The Murder CapitalEVOL @ O2 Academy Liverpool 25/2/20
The door to the venue is unhinged as I walk in and sirens ring across a dark, frosty night. It’s a setting which matches the atmosphere conveyed in the haunting riffs which introduce THE MURDER CAPITAL’s debut album, When I Have Fears.
As the band take positions on stage, the arrival of lead singer James McGovern is the most anticipated. He bursts onto the scene, his white shirt embroidered with multi-coloured flowers, the top three buttons left undone.

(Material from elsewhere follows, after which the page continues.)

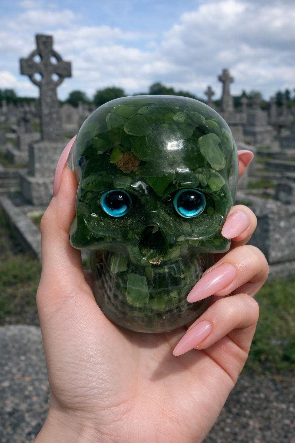 pryskyřice Resin Italy. Lebka je sestavena jako orgonit, má dosah ochrany a

The lurid atmosphere the band have draped across the stage is no surprise. The Irish post-punk quintet’s music is ridden with angst and dissatisfaction. Quite simply they refuse to hide it. It’s carved into every groove on their debut LP. It’s carved into every band photo (non-smiling of course). It’s even more carefully woven into their lyricism. Even when moments of light begin to appear – via lighter guitar progressions on Love, Love, Love – it’s rudely interrupted by droning bass riffs. The essence of urgency is the purpose of The Murder Capital; something has to change, and it has to do so fast. Vocalist James McGovern explained such in a recent interview: “We just wanna talk about it [homelessness, suicide and mental health issues] as much as possible, and make sure that the government knows that we’re not happy with the standard of where it’s at.”

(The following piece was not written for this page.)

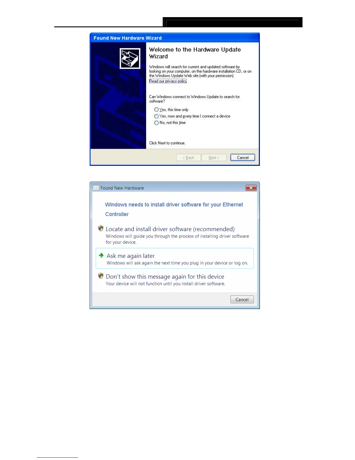 Figure 2-1 Found New Hardware Wizard in Windows XP

The very acknowledgment of the alignment of social conditions as a source of unhappiness, which in their most depressing state can exacerbate behaviour synonymous with mental health problems, is a step forward in the music industry. People no longer happy with pseudoscientific ways of addressing such issues through week-long waits of support through helplines. Instead, When I Have Fears sounds like a plea for a shift towards brighter pastures. More caring methods of governing. A plea to the good in people to help those who aren’t the same, aren’t dressed like everyone else, think differently, act differently. It is the publication of a scar in our society which makes this album one of the most pertinent efforts this year.

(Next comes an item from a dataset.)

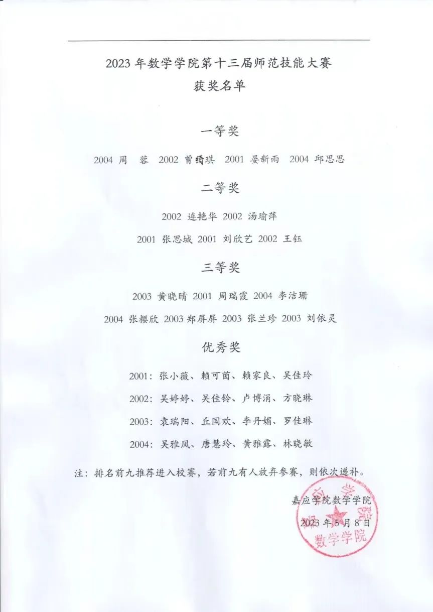以下为获奖选手

Despite the bass-heavy riffs, and a shadowy vocal which shrouds every sense of light this band emits, they are doing all of this, on stage tonight, to highlight the need for hope. Through the dark streets of Dublin it is easy to imagine gentrification projects, and dark low-lit streets becoming hotspots for petty crimes. Contrarily, it is just as easy to imagine the glimmer of one street lamp left lit amongst the cries of blackness coursing from the Murder Capital. It is that imagery which the band cling to.
Undeniably the highlight of tonight is Twisted Ground. Just vocal and bass guitar light the way for a melody which is most beguiling. It is a frank reminder of the multifaceted nature of The Murder Capital. For now they live in the gloomy shadow of unpaid bills, dodgy shop corners and dark alleyways, but in a heartbeat they can jump into the belief of hope. Shortly after the song finishes, McGovern explains about the importance of communication when considering the fragility of mental health. “Keep talking, let people know how you’re doing,” he says. A poignant message which lingers on after they leave the stage.
On their most popular single, Don’t Cling To Life, McGovern orders the crowd to sit down. Without a moment’s hesitation the 500 strong audience clamber to the floor. “Very obedient,” he utters. It is at these moments and the resulting crowd surfing where The Murder Capital have their audience in the palm of their hand. With such a reassuring message, it’s a safe hold to be in.